See Baltimore, MD salary details

$23.8K

$58.1K

$134.1K

How much do medical coding associate jobs pay per year?

As of Jun 26, 2026, the average yearly pay for medical coding associate in Baltimore, MD is $58,068.00, according to ZipRecruiter salary data. Most workers in this role earn between $36,300.00 and $69,100.00 per year, depending on experience, location, and employer.

What can you do with an associate's degree in medical coding?

A Medical Coding Associate with an associate's degree can work as a medical coder, assigning standardized codes to patient diagnoses and procedures for billing and record-keeping.
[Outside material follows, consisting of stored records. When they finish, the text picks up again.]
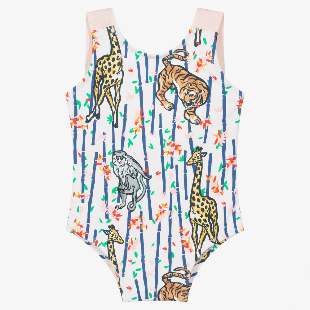 Cute white and pink swimsuit for little girls, by KENZO KIDS. Made in stretchy, lined lycra for comfort, it has a colourful bamboo print with adorable jungle animals. It has a sweet scoop neck and pink cross-over logo straps for a branded finish.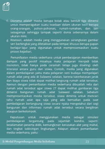 f. Diorama adalah media berupa kotak atau bentuk tiga dimensi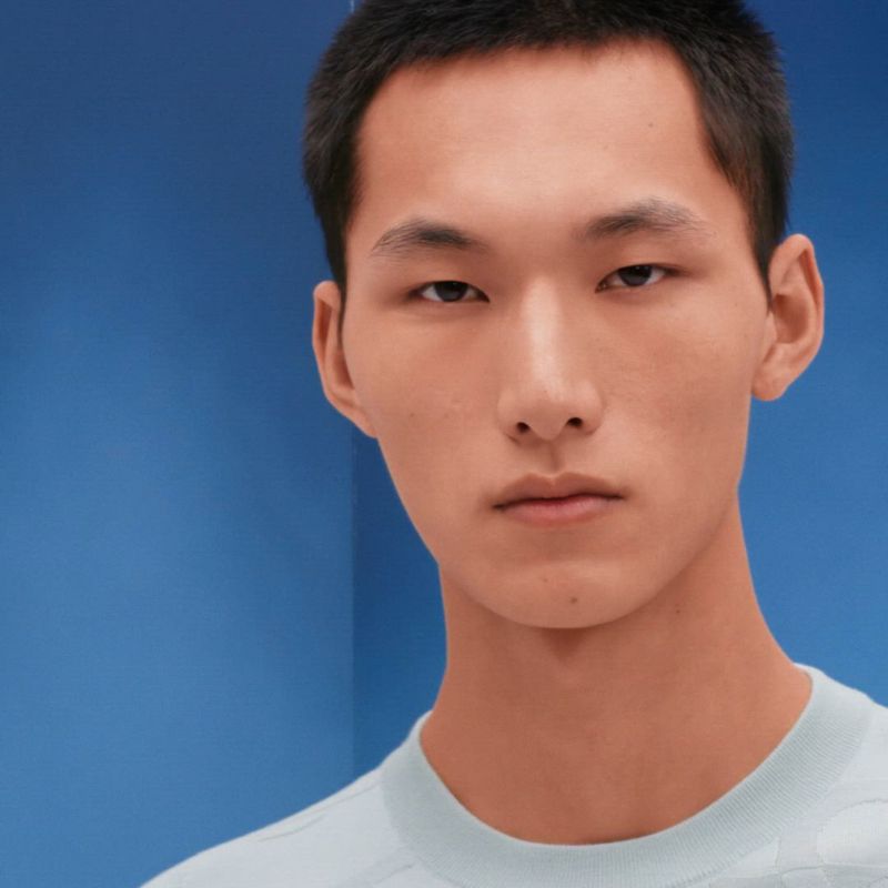 Short-sleeve crewneck sweater in wool with "Fragments Equestres" detail (100% wool)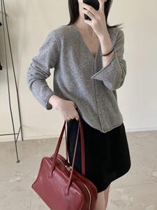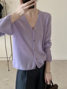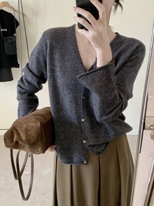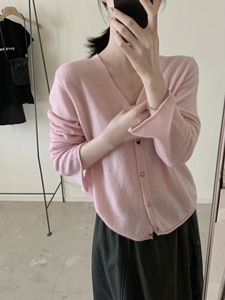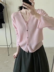 【之言】25秋季韩系轻薄V领高级感纯色爱心扣休闲羊驼绒针织开衫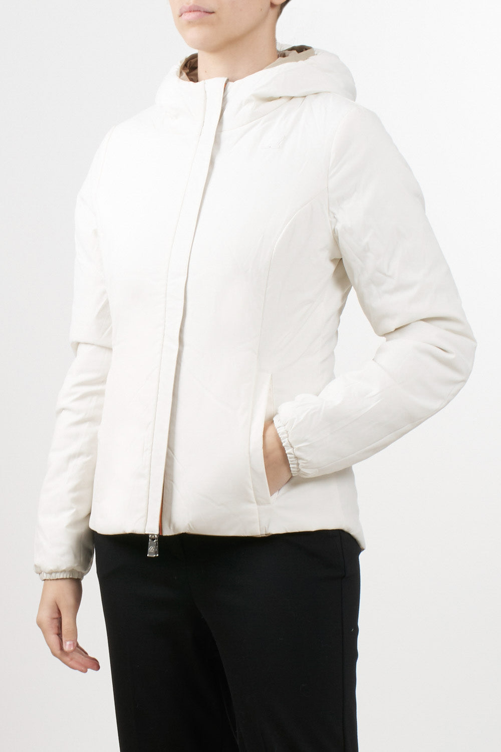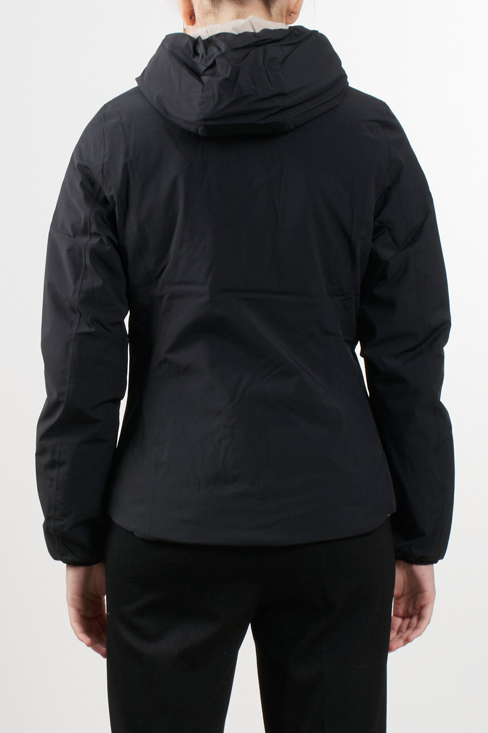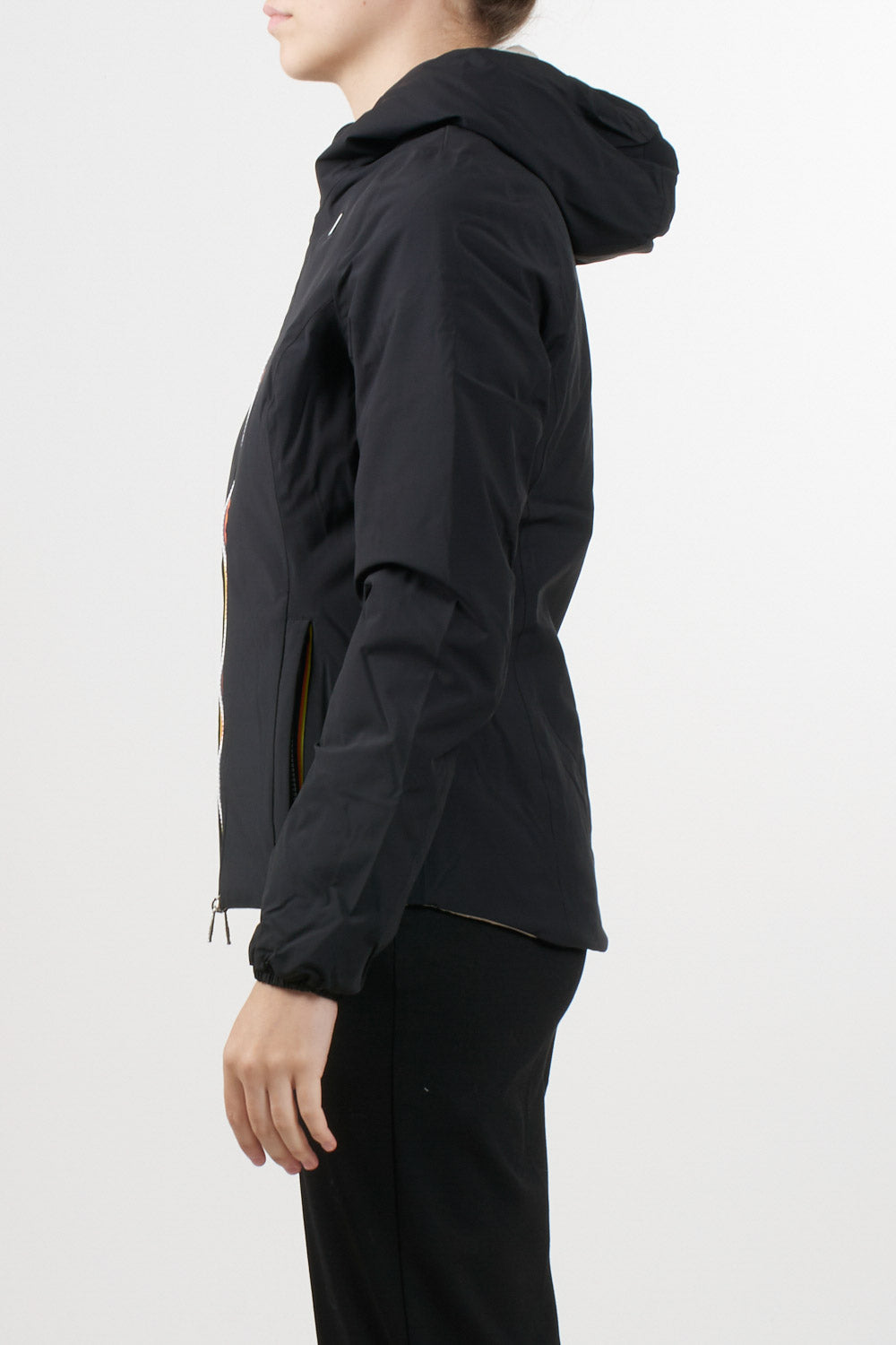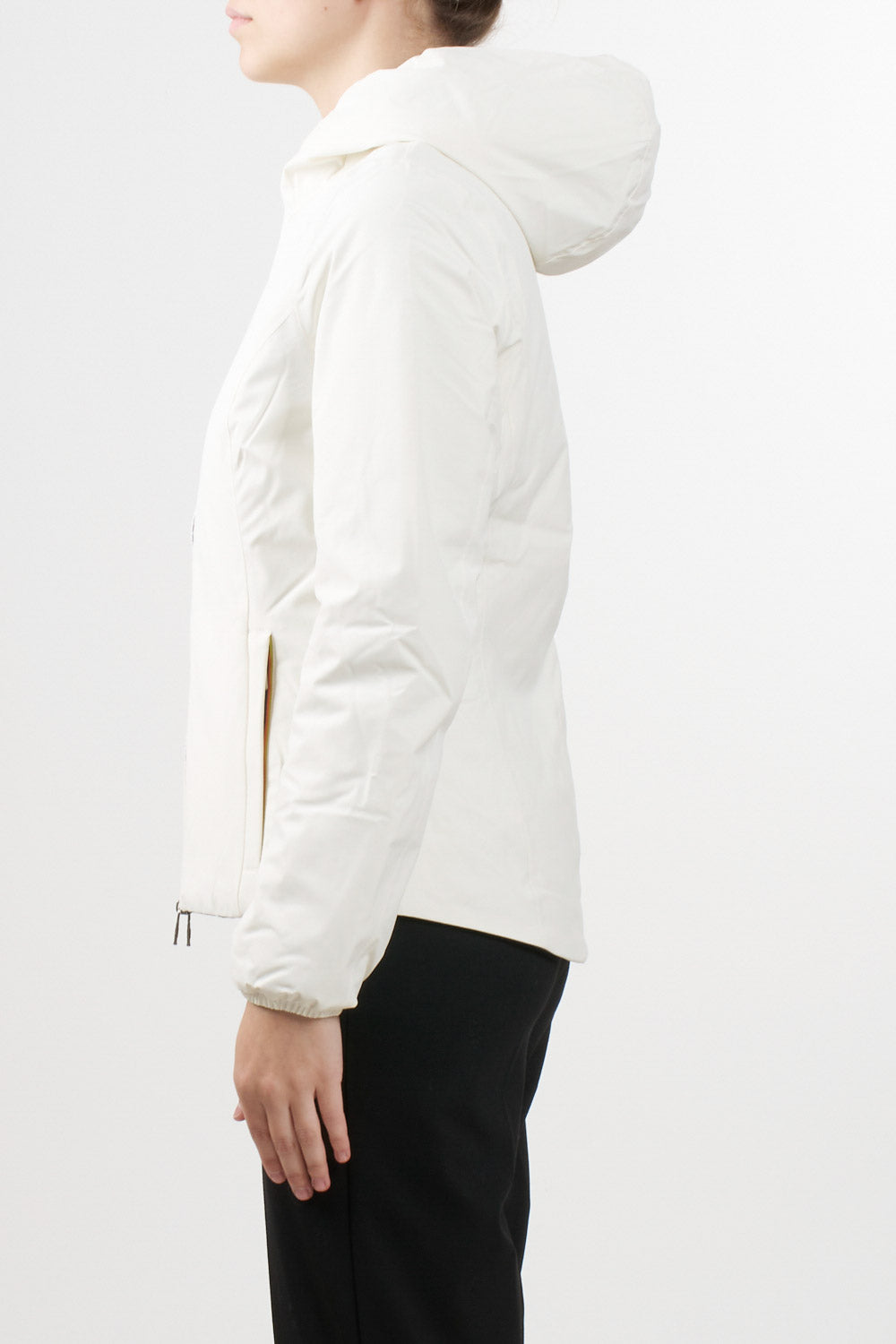 Giubbino Lily di K-way dalla linea slim, design reversibile che combina un lato in poliestere elasticizzato impermeabile e un lato in poliestere antivento dal colore a contrasto,imbottitura in ovatta, cuciture termonastrate isolano dal freddo, cappuccio regolabile con corda elastica, chiusura con zip, tasche laterali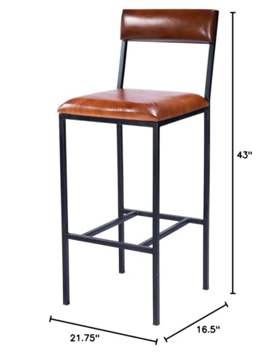 Classic Medium Brown Leather Metal Bar Stool HomeRoots offers a wide variety of choices, in the tensofthousands and growing, in furniture, lighting and home decor products at extremely competitive pricing. The Classic Leather and Metal Bar Stool is quite archetypal for its model, shape and size. Paired with tall iron legs, soft cushioned leather seat and a padded backrest, it is quintessential in the land of counter stools. The built in footrest is perfect for added stability. Brown and black have always been an age old classic combination and this counter stool delivers just that 43 x 16.5 x 21.75. Specifications. Color Medium Brown. Style Modern. Seat Shape Rectangle. Material Iron. Country of Origin India. Dimension 43 H x 16.5 W x 21.75 D. Weight 35 lbs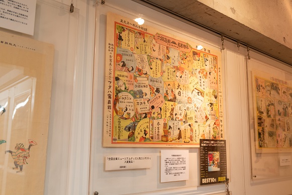 当たり前の日常の中にこそ、歴史を読み解くヒントがある。暮らしに関わる〝モノ〞を通して、今につながる文化を再認識してもらうことも今昔館の使命である。今昔館の企画展「おまけ大行進」は、江崎グリコのおもちゃをはじめ、大阪に関連あるメーカーやコレクターによる玩具やフィギュアを一堂に集めた展覧会であった。「江崎記念館」では、江崎グリコの創業者・江崎利一氏の哲学を紹介しながら、商品の歴史を総覧できる。利一氏は「子どもの天職は、食べることと遊ぶことである」と考え、食べ物とおもちゃをセットにした健康菓子グリコを開発した。そこには知育の精神があり、その先見性には驚かされる。「彼は佐賀県人だが、大阪の風土の中でその才能が開花した人です。大阪でなければ生まれなかった文化がたくさんあるが、グリコもその一つです」(谷)。
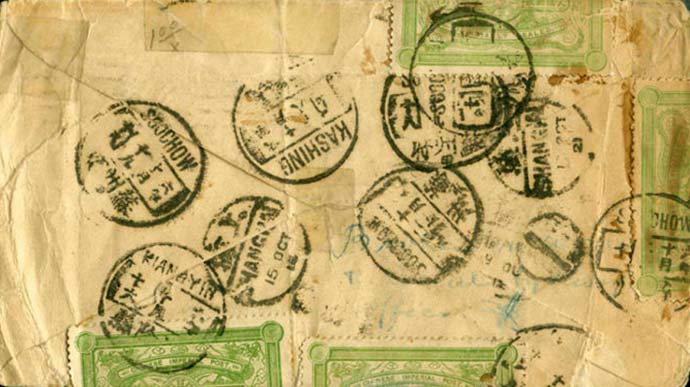 如图所示,为2016年7月20日举行的台湾远东拍卖公司夏季拍卖上的第1677号拍品,是一件民国六年由美国进口邮票,该封经于1917年10月15日经上海寄中国江阴县。由于信封边缘破损,由江阴县邮局补贴前清代封票4枚封固信封,销江阴县六年十月十六日英汉文腰框戳。由于收件人已搬移至苏州医院,固该封由江阴经嘉兴府改寄苏州,销有嘉兴府六月十八日过路戳及数枚苏州六年十月二十日到达戳。

This role often requires familiarity with coding systems like ICD-10 and CPT, and may involve working in healthcare settings such as hospitals, clinics, or insurance companies.

What pays more, CCS or CPC?

For medical coding associates, Certified Coding Specialist (CCS) credentials generally lead to higher salaries compared to Certified Professional Coder (CPC) credentials, as CCS is often considered more advanced and is preferred for hospital coding roles. However, salaries also depend on experience, location, and employer, with CCS holders typically earning a premium in the industry.

What are the key skills and qualifications needed to thrive as a Medical Coding Associate, and why are they important?

To thrive as a Medical Coding Associate, you need a strong understanding of medical terminology, anatomy, and coding systems such as ICD-10, CPT, and HCPCS, often supported by certification like CPC or CCS. Familiarity with medical billing software, electronic health records (EHRs), and coding databases is essential for daily tasks. Attention to detail, analytical thinking, and effective written communication are vital soft skills for ensuring coding accuracy and compliance. These skills ensure proper claims processing, minimize errors, and support the financial health of healthcare organizations.

How can I get a medical coding job with no experience?

Medical Coding Associates can often start with entry-level positions by completing a coding certification such as CPC or CCS and gaining familiarity with coding software and medical terminology. Internships, volunteering, or completing a coding externship can also provide practical experience to improve employability.

Are medical coders going to be replaced by AI?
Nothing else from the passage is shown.